Случилось отцу Варсонофию, в бытность свою врачом Василием Ардалионовичем Куницыным, получить место в первой градской больнице Москвы. Переводился он в столицу, хотя не из глухой, но глубинки, и назначение своё почитал за благо. Как-то во время его дежурства умер в тридцать шестой палате старик мафусаиловых лет. Умер и не от болезни даже — от немощи, сделавшейся следствием спокойного, но неуклонного угасания жизненного огня. Едва поступив в больницу, старик этот, называвшийся Изюмовым Авениром Ельпидифоровичем, немедленно привлёк к себе внимание как служителей богоугодного заведения, так и его обитателей. Интересен старик Изюмов казался и разудалым именем своим, и многолетием, прописанным на всём его облике, так что даже борода его была подёрнута зеленью, как застарелый сухарь плесенью, но главным образом, вероятно, какой-то неотмирностью, сообщавшейся ему близостью к тому заветному краю, за который каждому предстоит перешагнуть и возврата из-за которого нет никому. Ощущение этой чуждости миру суетному, где мертвецы погребают своих мертвецов, усугублялось ещё и тем, что к старику никто не приходил, никто не навещал его. Незадолго перед кончиной старик стал беспокоен: кряхтел, крестился, просил отпущения грехов. Но был ли причиной тому беззубый старческий рот, или это смерть близким и холодным дыханием своим остудила Изюмовские члены и связала силы, а может, так невнятен язык старости и одиночества, но никто решительно не разобрал его слов, когда бормотал он посиневшими губами: «попа бы мне...» Все, слышавшие это глухое бормотание, сошлись на том, что старик тщится напеть какую-то старинную песню. Мнение это утвердилось после того, как уборщица Вера Павловна Гедройц, являвшаяся каждодневно в палату с ведром грязной воды и с серой тряпкой из старого мешка, чтобы намочить пол вокруг больничных коек, и оказавшаяся рядом с койкой Изюмова, как раз, когда тот бормотал свои неясные слова, сказала:
— Старый-то... Сувенир Ельсветофорович... Слышь, ты — запел... Жених прямо!.. Пой, дедуль! Молодец! Ещё сто лет проживёшь!

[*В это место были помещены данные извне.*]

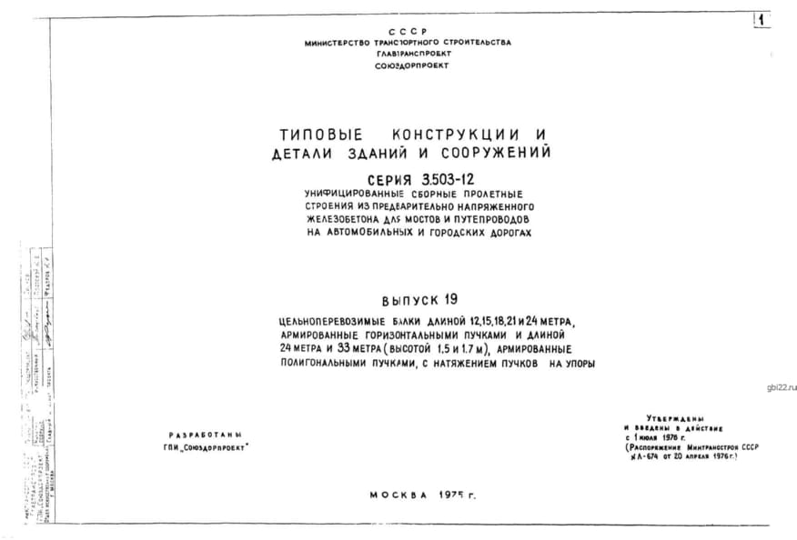 | Название стандарта | Унифицированные сборные пролетные строения из предварительно напряженного железобетона для мостов и путепроводов на автомобильных и городских дорогах. |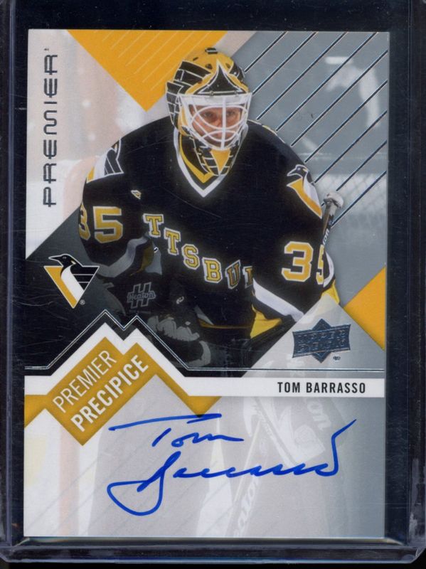 The Tom Barrasso 2023 Upper Deck Premier #PPL-TB Premier Precipice Auto Legends card is 1 of 2 Tom Barrasso's card variations in the 2023 Upper Deck Premier set being tracked by Sports Card Investor, including Premier Precipice Auto Legends - Gold /10.
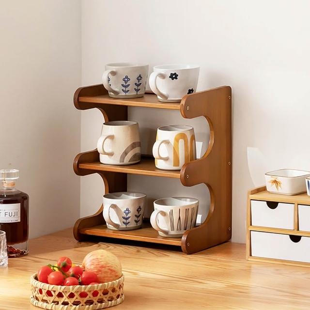 STYLE 格調天然楠竹弧形開放式三層檯面收納架杯架30*19*35cm 桌上置物架 居家擺飾 廚房收納 茶具收納 杯架

И следом сама стала «подпевать» старику:
— Па-ба-па... Па-па-ба-па-ба... Па-ба-па...
Но на другой день во время утреннего обхода, когда Изюмов снова вздумал «петь» молодой врач Куницын, задержавшийся подле него и зачем-то прислушавшийся к его бормотанию, вдруг сказал:
— А старик-то ведь не поёт... Попа просит!..
Слова эти, сказанные вполголоса, прозвучали зловеще, заставив всех замолчать. Что-то страшное таилось в открытии молодого врача, как если бы слова старика, подобно валтасаровой надписи, появились бы вдруг на стене страшным предупреждением.

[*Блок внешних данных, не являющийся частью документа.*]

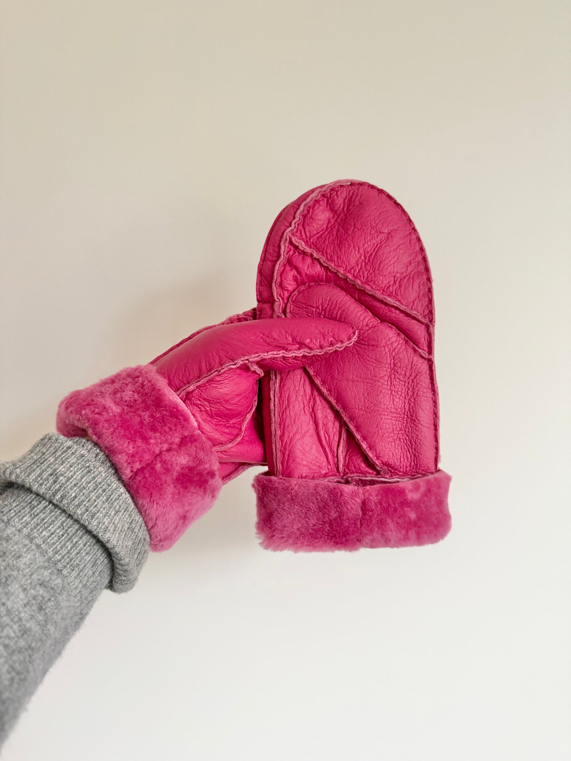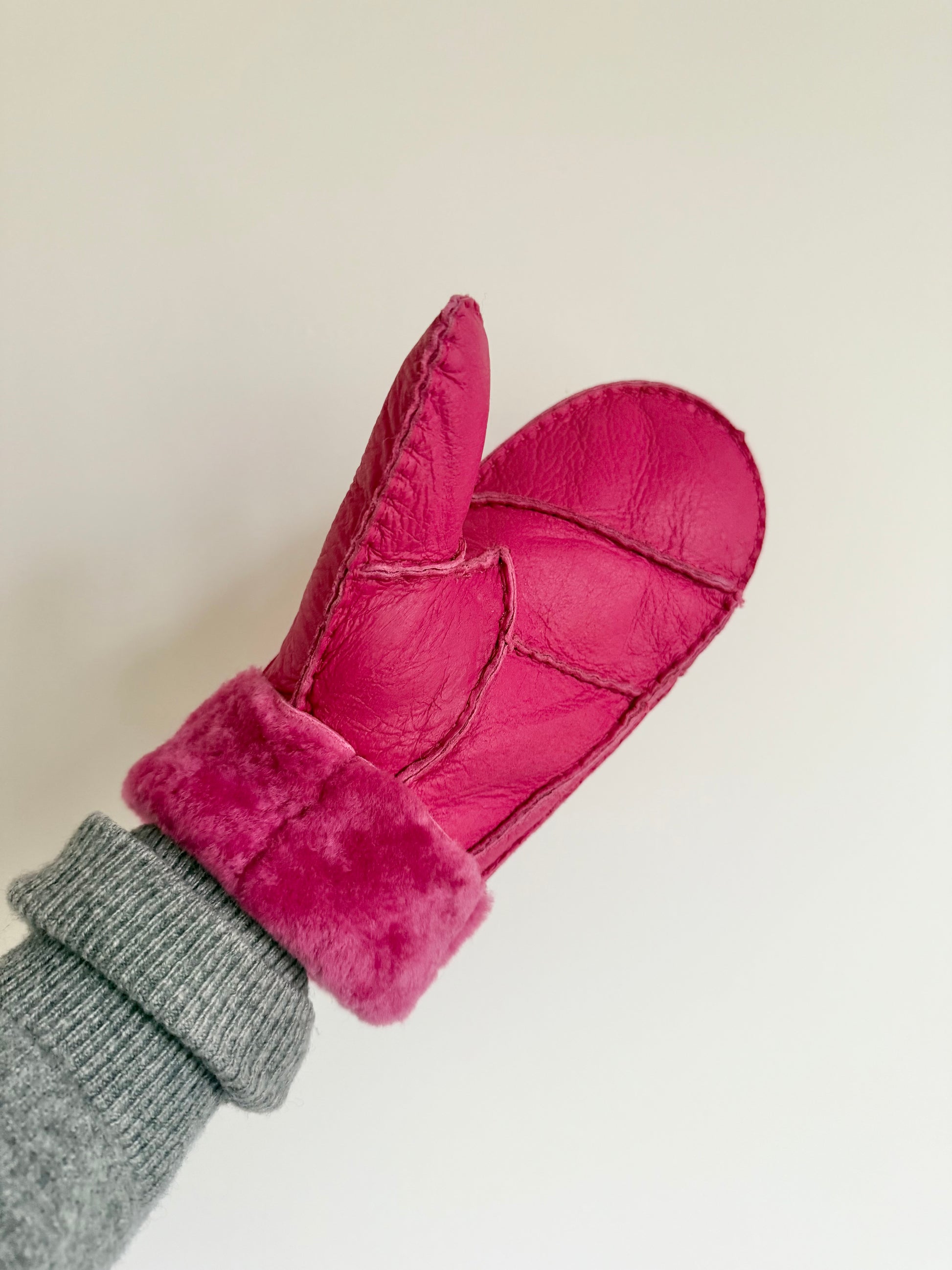 Luxurious high-pile shearling mitten, made from 100% genuine shearling leather with hand-finished stitching throughout. adding a splash of color to your ensemble and helping to keep your hands super warm and cozy. The convertible cuff can be folded or unfolded depending on your styling preference.

Куницын малодушно обрадовался тому, какое впечатление произвело на больничную публику его открытие. Но в следующую секунду ему стало неловко смущения, охватившего несчастных больных, и он, стараясь развеять морок, который сам же и напустил, сказал:
— Ну, поп, говорят, что клоп — людскую кровь пьёт, так что мы дедушку в обиду не дадим.
Больные заулыбались, смущение кое-как было преодолено, и Куницын снова остался доволен собой. Переходя от больного к больному, он говорил без умолку, трунил беззлобно и несколько раз удачно пошутил. Покинул Куницын палату №36 в настроении приподнятом. Однако благодушию его суждено было вскоре развеяться, потому что из тридцать шестой сообщили, что со стариком Изюмовым неладно. Куницыну оставалось лишь констатировать смерть.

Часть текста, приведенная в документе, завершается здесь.